Lo strano successo social di un politico che non segue i canoni della comunicazione attuale: lo abbiamo intervistato.

di Laura Fontana

Gianni Cuperlo, a differenza di altri politici italiani, non polarizza le opinioni sui social media, che all’unanimità lo considerano un politico “serio”, “di un altro livello”, di un’eleganza democratica che dall’altro lato dell’oceano appartiene solo a Obama. Un politico dal carattere schivo fin dalla sua prima investitura nell’88 a capo della Fgci (Federazione giovanile comunista italiana), che ha vissuto la fine del Pci e le successive trasformazioni sempre rimanendo fedele ai valori fondanti della sinistra. Un politico troppo gentile, modesto e amante della cultura per essere un politico. Triestino, laureato al Dams di Bologna con una tesi in Sociologia della Comunicazione, per lungo tempo è stato ai vertici del Partito occupandosi proprio di comunicazione anche se durante l’intervista mi dice più volte che non se ne occupa più, quasi non gli interessi o forse per celare il fastidio verso questi tempi moderni. Anche fisicamente è un marziano: slanciato e dai colori nordici, praticamente Ian Curtis, ma con l’animo pop. Nel 2013 si è candidato alle Primarie, perdendo contro Renzi, ma accettando l’incarico di essere Presidente del Partito democratico, fino a gennaio 2014, quando si è dimesso per tornare nella sua dimensione in fondo consueta, dietro le quinte, a osservare e studiare. Su Facebook, il suo “Diario della crisi” è stato molto apprezzato, così come il post dedicato all’uscita di Renzi dal Pd: «Ho rimasto solo», citazione da I soliti ignoti. Forse anche metafora dell’esistenza come uomo e come politico.

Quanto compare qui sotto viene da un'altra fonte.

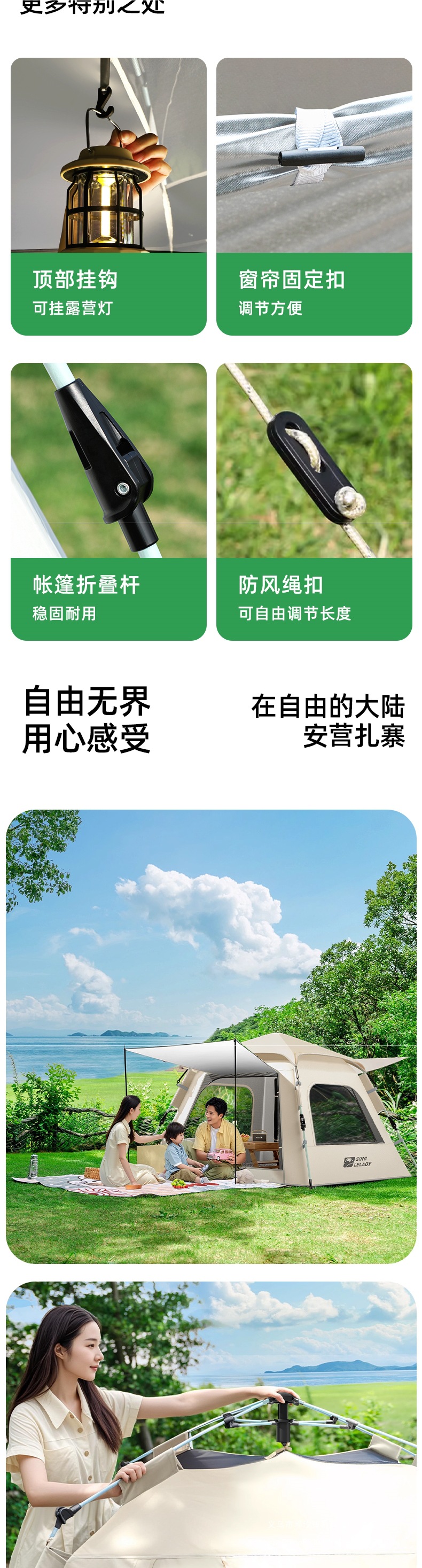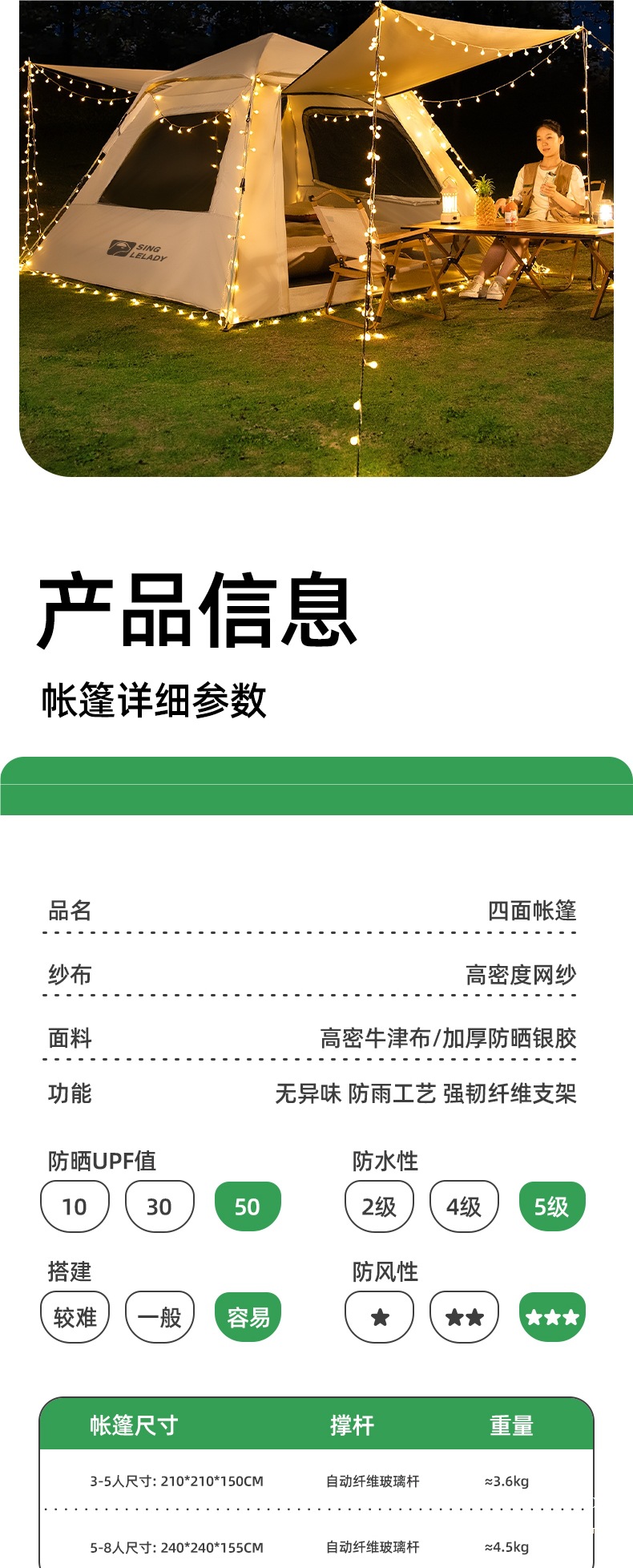 • 5~8인 [이중구역텐트] 문 2개, 창문 2개(방습매트 포함)!

ⓢ Elegante, serio, educato, colto: sono gli aggettivi che più vengono associati al suo nome sui social network. In un commento la definiscono «l’unico politico che abbiamo che sembra un intellettuale mitteleuropeo»; per lei è stato creato l’hashtag #CuperLove. Insomma, i social la amano, ma lei ama i social? Cosa ne pensa del modo in cui i social media hanno cambiato la comunicazione politica?
Al netto che dai social, come tutti credo, ho ricevuto anche critiche severe e qualche insulto, viene a mente quel giudizio lapidario di un genio sull’opera prima di un aspirante compositore, «c’è del bello e c’è del nuovo, ma ciò che è nuovo non è bello e ciò che è bello non è nuovo». Voglio dire che i social hanno mutato le forme del conoscere o di quanto si ritiene sia oggi conoscenza, i canali della relazione umana, i modi in cui si forma l’opinione di massa su temi anche controversi. La novità è profonda per ampiezza e radicalità. Il punto è che tutto ciò sdogana anche un duplice effetto, lascia intendere che il formarsi delle competenze sia merce di un altro tempo mentre è vero l’opposto, e distrugge i freni inibitori del linguaggio con effetti a volte devastanti e comunque regressivi. Il “nuovo non bello” sta in questa furia distruttrice dell’interlocutore quando vissuto come avversario. Se penso alla lotta politica una carica polemica, anche aspra, è sempre esistita ma aveva radici di senso. Erano ideologie, conflitti, il rischio che vedo e che vivo è di ridurre l’assalto a una forma sublimata di odio “a prescindere”. Il “vecchio anche bello” è in una potenza della circolarità, nella costruzione di reti e legami che, se gestiti al meglio, socializzano conoscenza, modelli comportamentali, flussi di impegno e mobilitazione. Per capirci, il movimento di Greta sarebbe mai potuto esplodere nelle forme in cui è esploso senza la rete?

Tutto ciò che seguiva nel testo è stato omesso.